*** Opening GIVEN ENTRIES ***

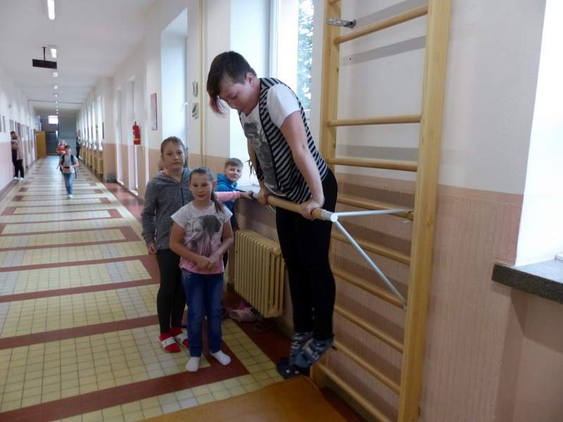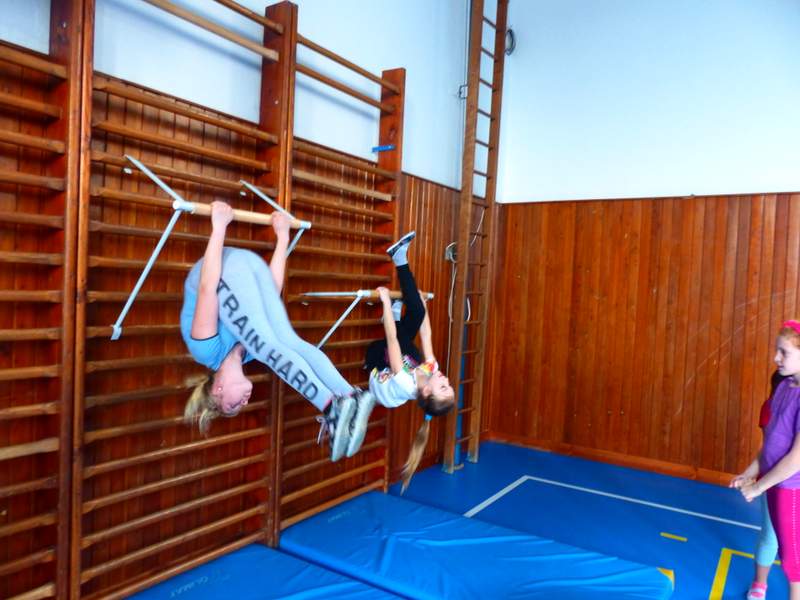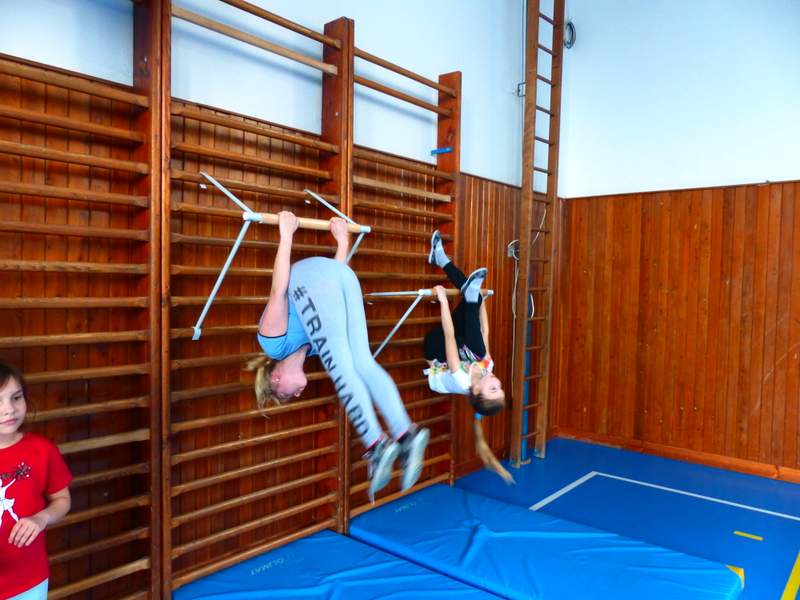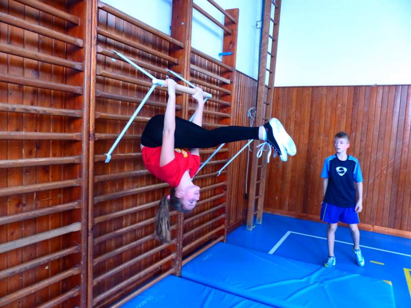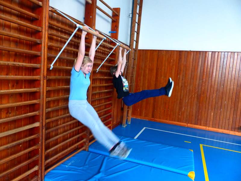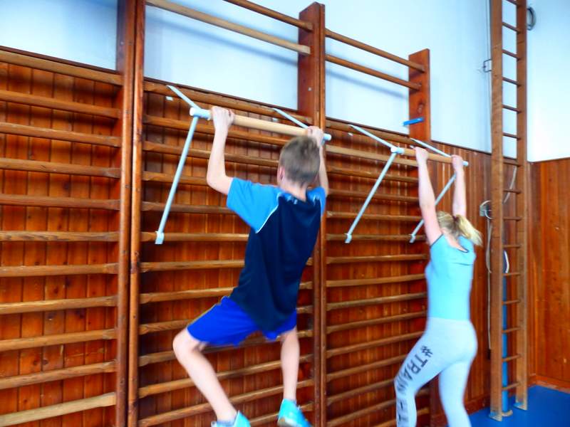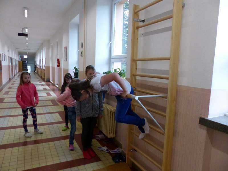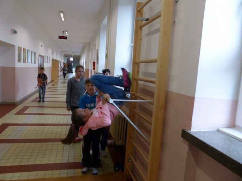 Přestávky s gymnastikou Díky panu Němečkovi ze Zlína, který věnoval naší škole 5000 Kč, jsme na školní chodby pořídili žebřiny s přídavnou hrazdou. Žáci mají o přestávkách možnost protáhnout svá těla a rozvíjet sílu a obratnost. A že cvičí. Stěžují si, že se jim na rukou loupe kůže. Udržují si tím své mozoly při cvičení shybů, svisů, vznesů a průvleků. Doufáme, že jim zájem vydrží a gymnastika už nebude pro mnohé strašákem. Zájmový kroužek Gymnastika
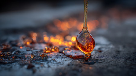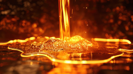 Liquid metal pouring into a glass vessel; Molten streams, metallic gleam.
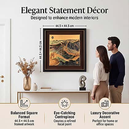 The radiant 24K gold foil finish enhances every detail of the Great Wall’s winding structure, creating a striking visual effect that reflects light beautifully. The balanced square format and premium frame make it a sophisticated centrepiece for living rooms, offices, hallways, or study spaces.
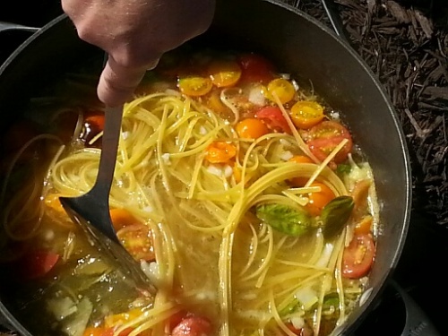 Put all in a pan (except cheese). Heat skillet contents to boiling. Stir often and set timer for 9 min. (times vary if using other types of pasta). Water should be nearly gone. Season to taste. Garnish with grated Parmesan cheese. Enjoy!
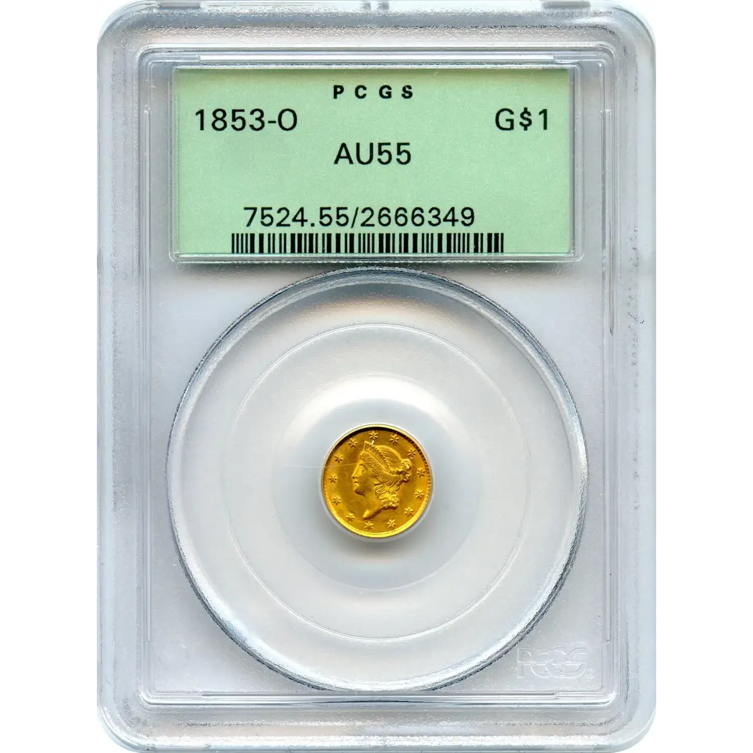 The 1853-O $1 Liberty Head Gold Dollar, Type 1, is a distinctive Southern gold issue struck at the New Orleans Mint during the early years of the denomination. Designed by James B. Longacre, the petite gold dollar features the small Liberty head portrait that defines the Type 1 series, produced from 1849 through 1854.

*** Closing GIVEN ENTRIES ***

§ **ASSIGNED TASK**
Each entry is to be written out again word for word, and any pictures are to be omitted.

§ **REPLY TO THE TASK**
 Přestávky s gymnastikou Díky panu Němečkovi ze Zlína, který věnoval naší škole 5000 Kč, jsme na školní chodby pořídili žebřiny s přídavnou hrazdou. Žáci mají o přestávkách možnost protáhnout svá těla a rozvíjet sílu a obratnost. A že cvičí. Stěžují si, že se jim na rukou loupe kůže. Udržují si tím své mozoly při cvičení shybů, svisů, vznesů a průvleků. Doufáme, že jim zájem vydrží a gymnastika už nebude pro mnohé strašákem. Zájmový kroužek Gymnastika
 Liquid metal pouring into a glass vessel; Molten streams, metallic gleam.
 The radiant 24K gold foil finish enhances every detail of the Great Wall’s winding structure, creating a striking visual effect that reflects light beautifully. The balanced square format and premium frame make it a sophisticated centrepiece for living rooms, offices, hallways, or study spaces.
 Put all in a pan (except cheese). Heat skillet contents to boiling. Stir often and set timer for 9 min. (times vary if using other types of pasta). Water should be nearly gone. Season to taste. Garnish with grated Parmesan cheese. Enjoy!
 The 1853-O $1 Liberty Head Gold Dollar, Type 1, is a distinctive Southern gold issue struck at the New Orleans Mint during the early years of the denomination. Designed by James B. Longacre, the petite gold dollar features the small Liberty head portrait that defines the Type 1 series, produced from 1849 through 1854.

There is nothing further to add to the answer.